The raise comes after a €5.2m Series A round in 2012. Speaking to the Irish Independent, Neuravi's CEO, Eamon Brady, said the new capital will fund the business for the next "two or three years" as it looks to break into the US market.

"We are starting clinical trials involving 25 sites in the US and in Europe, the protocol still has to get approved by the Food and Drug Administration (FDA). It will cost several million euros," he said. The trial is to start enrolling patients towards the end of this year and results are expected in the second half of 2017.

Mr Brady said that the firm now intends to take the device "global" and is looking at moving into several international markets including Japan. In the near future he says that the firm intends to build up a sales presence across Europe.

"We have started building a sales force in Europe [and] we will probably ramp up to about 40 or 50 staff over the next few years," he said.

Regarding a future raise, Mr Brady said that he was unsure what route the company would pursue when it uses its current funding, but added that "you always have to maintain the shop window [for investors]."

"By the time we come to the end of our current funding we will be generating substantial funds in Europe. We will then come to a crossroads as to whether to raise more funds, scale the business ourselves or sell, it will depend on what we want to do," he said.

He added that the firm has 30 additional patents, most of which relate to ischemic stroke, which he expects to be commercialised over the next number of years.

As part of the financing, Anne Portwich and René Kuijten, partner, LSP, will join Neuravi's board of directors.

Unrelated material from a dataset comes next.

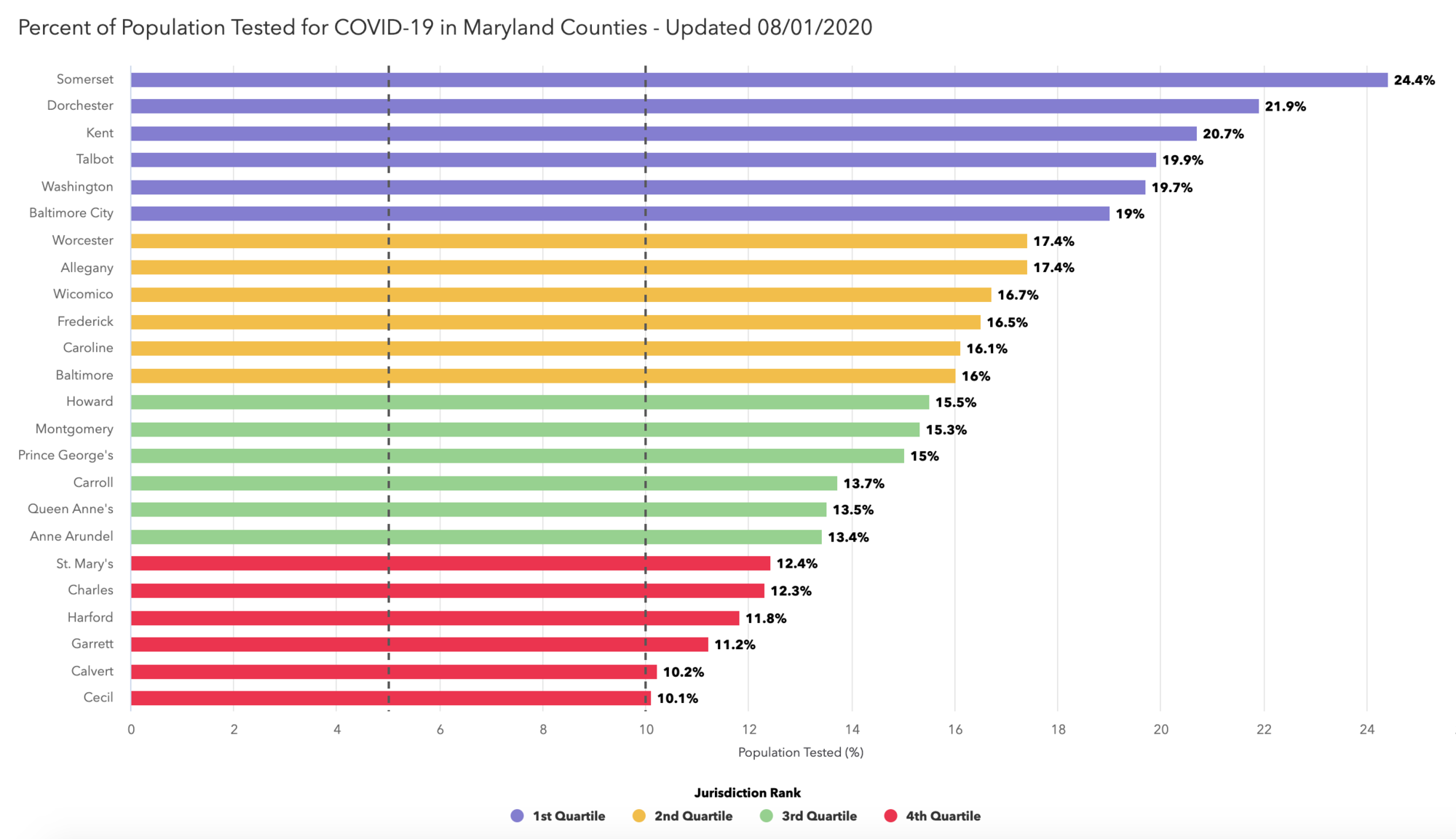 “Our aggressive statewide testing strategy is helping us understand, identify, and stop the spread of this virus, and I want to commend all of our local jurisdictions for stepping up to meet our goal of testing 10% of their population,” Gov. Larry Hogan said in a press release.

Ms Portwich said: "This is an exciting time to be backing a company dedicated to improving stroke therapy, given the recent series of positive trial results that have decisively demonstrated the value of endovascular treatment for large vessel occlusions.

She added: "These are the most devastating types of stroke, creating a tremendous social and economic burden for patients, and improved treatment has the potential to both save lives and improve quality of life."